Excerpts from a dataset
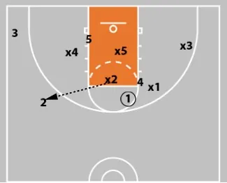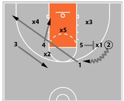 - 5 goes and sets the middle ball screen on x1 for 2. 2 attacks the free throw line area.
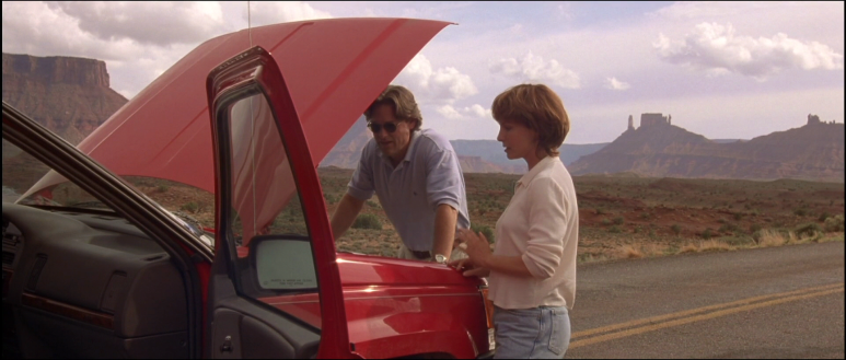 미국은 워낙 광활한 국토를 가진 나라이다 보니 가도 가도 끝도 없이 나있는 도로도 적지 않다. 우리나라라면 어떤 도로를 가더라도 차들이 복잡하게 달리지만, 미국은 한 시간에 몇 대 정도 정말 가물에 콩 나듯이 그런 빈도로 차들이 다니는 한적한 도로가 적지 않다. 자연히 그러한 도로에서는 범죄가 발생하기도 쉽다. 미국 영화들을 보면 한적한 도로 위에서 벌어지는 범죄를 소재로 한 영화가 적지 않은데, 영화 <브레이크다운>(Breakdown)도 도로 위의 범죄를 소재로 한 것으로서 1997년에 제작되었다.
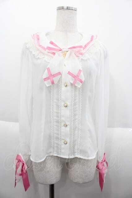 BABY,THE STARS SHINE BRIGHT / Ruban le Lien a la modeブラウス 白Xピンク I-25-10-10-011-BA-BL-SA-ZI
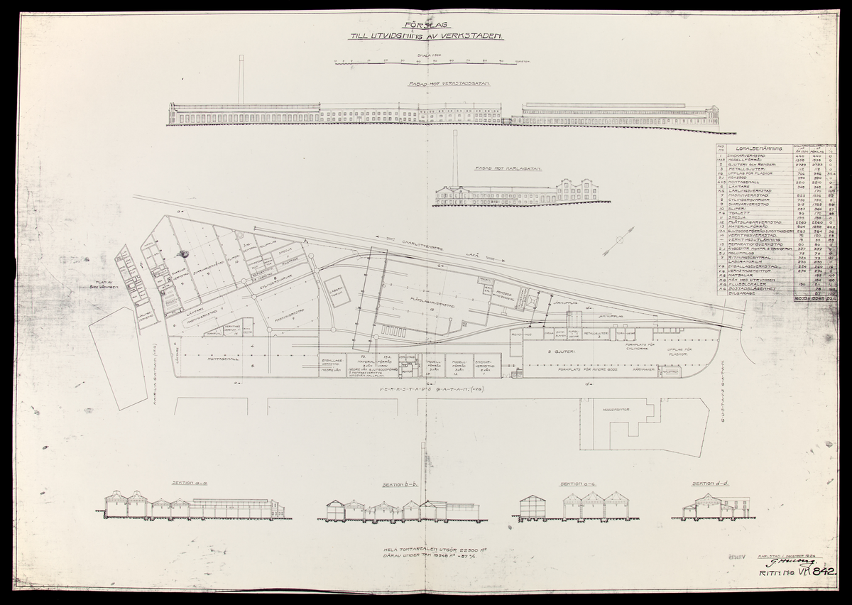 Ritning över Karlstads mekaniska verkstad. Förslag på utvidgning av verkstaden.
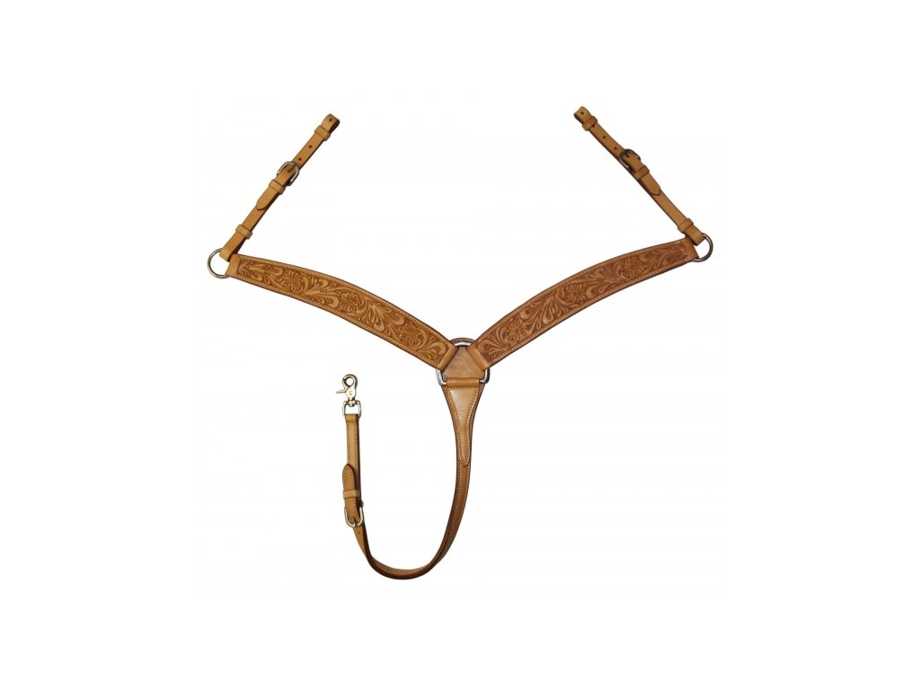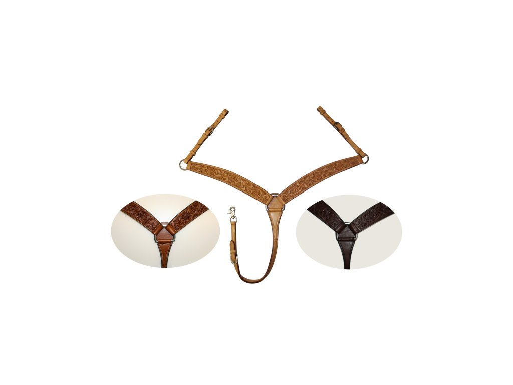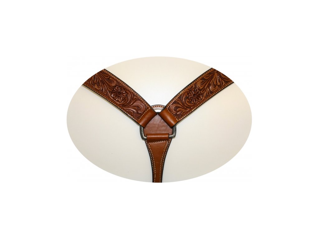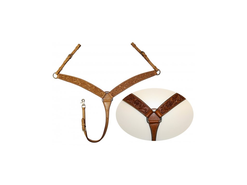 Westernový kožený poprsák s květinovým vzorem. Velikost QH/cob s nastavitelnými řemínky
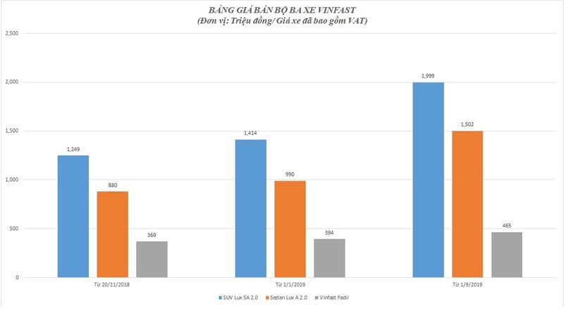 Cũng trong tháng 1/2019, VinFast sẽ tiến hành điều chỉnh giá bán cho cả 3 mẫu ôtô của mình. Theo đó, giá xe sedan Vinfast Lux A 2.0 tăng thêm 100 triệu đồng, từ 800 triệu đồng/xe lên mức giá 900 triệu đồng/xe.
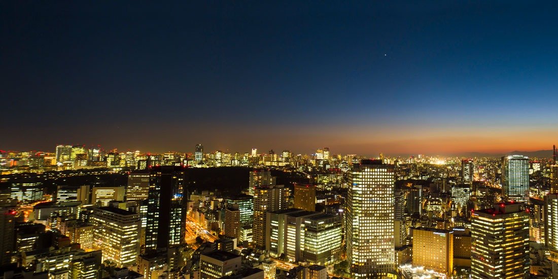 高層階のパレス側からは、丸の内や新宿のオフィスビル群や皇居、夜になるとオフィスビルに灯りがつき、都心の夜景を見下ろす東京ドームホテルならではの風景を味わえます。
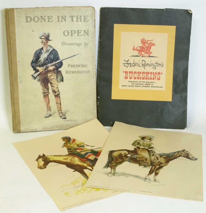 Remington" hard bound book printed by Colliers. Book shows separating to the binding. Also included is "Frederic Remington's Buckskins 8 Portraits of the Old West" 1956, by Penn Prints, NY.

**What is required**
Copy only this, please: the line with "Westernový kožený poprsák" and every line after it through the end of the data, with no pictures.

**Answer below**
 Westernový kožený poprsák s květinovým vzorem. Velikost QH/cob s nastavitelnými řemínky
 Cũng trong tháng 1/2019, VinFast sẽ tiến hành điều chỉnh giá bán cho cả 3 mẫu ôtô của mình. Theo đó, giá xe sedan Vinfast Lux A 2.0 tăng thêm 100 triệu đồng, từ 800 triệu đồng/xe lên mức giá 900 triệu đồng/xe.
 高層階のパレス側からは、丸の内や新宿のオフィスビル群や皇居、夜になるとオフィスビルに灯りがつき、都心の夜景を見下ろす東京ドームホテルならではの風景を味わえます。
 Remington" hard bound book printed by Colliers. Book shows separating to the binding. Also included is "Frederic Remington's Buckskins 8 Portraits of the Old West" 1956, by Penn Prints, NY.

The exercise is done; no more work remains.